Hardwood floors are a warm addition to any home, but once they age or fall out of style, many homeowners may consider installing a new floor. Tiling is an attractive option that is low maintenance, easy to clean, and available in a variety of attractive colours and designs. View our video on How to clean ceramic and porcelain tiles here. Installing new tiled floors is relatively simple, but a common question many homeowners face is if they are able to install floor tiles over hardwood floors.

Before getting to our answer, the real question should be: why do you want to tile over your hardwood? You can tile over your wooden subfloors or old hardwood floor, but it is important that you follow the same rules as you would for any other suitable substrate installation.

If your hardwood floor is level and in good condition, it is possible to install tiles over the surface. You will need to do some additional prep-work to ensure a sound fit and a smooth surface, which we will cover in more detail below. You can view our “how to tile onto wooden floors YouTube video here, and our other video on how to tile onto wooden floors with a cement base backer board here for more information on this topic. These videos are very useful, and also cover our recommended products to use during your installation!

Should I tile on Hardwood Floor?
Should I tile on Hardwood Floor? – Wooden floor Shutterstock.

Motion Is Damaging For Tiles

Anytime you lay tiles, it is important that the surface has minimal motion. The main reason that tiling over hardwood directly is discouraged, is that wood tends to shrink and swell according to the weather. This constant movement can cause tiles to loosen or even crack above the wood.

Hardwood floors that are made up of smooth narrow boards or a smooth flat surface are a good candidate for tiling with few adjustments. Prior to laying down tiles on the hardwood surface, you will need to install a cement backer board on top of the wooden subfloor. We recommend the No More Ply Cement Backer Board. This type of backing is easy to install with a few screws and will ensure that your tiles have an even surface to bond with adhesive in the future. We recommend No More Ply self-drilling Torx screws for your backer board installation.

Tile backer board
Tile backer board product

What Causes Wooden Floors To Move?

There are a few reasons that a wood-frame floor may move. One of the main causes is simply undersized framing. A wide frame can cause the subfloor to move more than usual. Many older buildings and homes feature framing that is larger than 16″. As a result, the subfloor is extended over a larger distance which causes more flexing than that of subfloor models of today. Many older houses are also built with a smaller frame, whilst current building codes require a larger frame. Smaller frames allow for more flexing and bouncing than modern framing, so the smaller the frame, the better the installation.

A subfloor that is not correctly anchored to the frame can also result in moving tiles. If your tiles move, it can cause the bonds to break and the floor to become uneven. One way to easily spot issues with your subfloor prior to laying down tiles is to dance around. Yes, we mean that! Dance around, walk, tip your body side to side to find cracks, creaks, or other areas on the hardwood subfloor or any subfloors that have movement. These simple issues can be fixed with extra fasteners prior to laying down new tile.

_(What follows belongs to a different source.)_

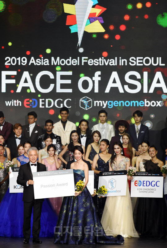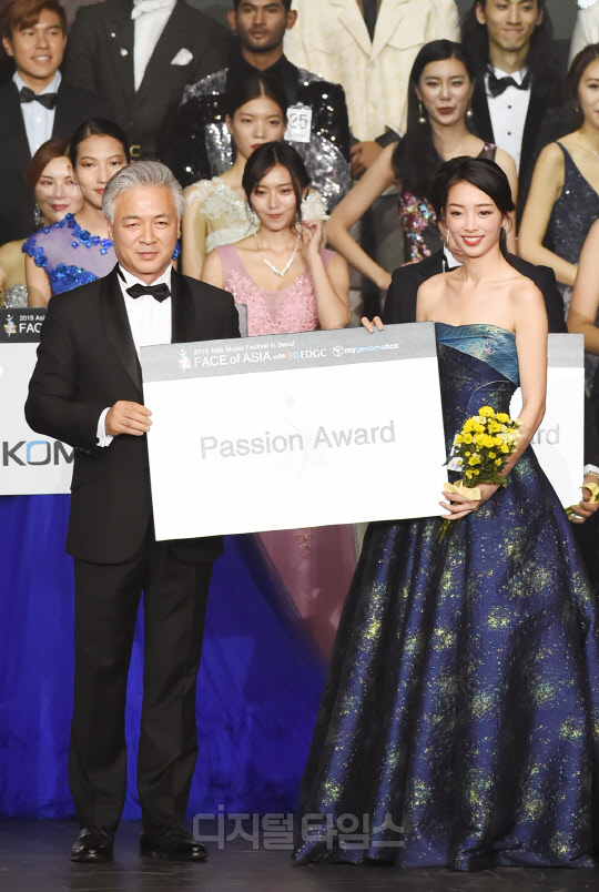 싱가포르 모델 Chui Lin(취 린)이 서울 송파구 올림픽공원 올림픽홀에서 '2019 아시아모델페스티벌(Asia Model Festival)' 부대행사로 진행된 '2019 FACE OF ASIA with mygenomebox(2019 페이스 오브 아시아 with 마이지놈박스)'에서 열정상을 수상, 아시아모델페스티벌조직위원회장 양의식에게 상을 전달받고 있다.

The wrong subfloor sheathing can also lead to movement, which is not good for tile installations. In modern homes, subfloors are usually made of 3/4″ plywood, but in many older homes, the subfloors are crafted from wide plank floorboards. It is important to have a least 1 1/4th inches of subfloor sheathing in order to have the right support for your tiles. So, if you have less than this height on your subfloor, even if it is your plain old hardwood floors, you will need to add substrate layers until you achieve the proper thickness.

Hardwood floors in particular are prone to motion because of their nature. Most hardwood floors are made up of individual planks that will have different rates of contraction and expansion. The only way to avoid movement when laying tile over hardwood floors is to secure the subfloor efficiently. This, of course, means fixing the wood to make sure that it stays in place.

Wooden subfloor tile installation
Wooden subfloor tile installation. The subfloor is cleaned, primed, adhesive applied then tiled.

Clean Hardwood Surfaces Make Strong Bonds

In general, hardwood floors are coated with some type of polyurethane. This is done to seal the wood and keep it safe from the worst ravages that daily traffic can throw on it. Polyurethane helps to repel dust, moisture, oil and other elements that can damage the surface. Unfortunately, polyurethane also repels other substances that are seeking to bond with the wood, such as tile adhesive. In order to install tile over wood, you will need to remove any dirt or dust buildup on the surface, and then strip down the polyurethane so that your subfloor can bond with your tile.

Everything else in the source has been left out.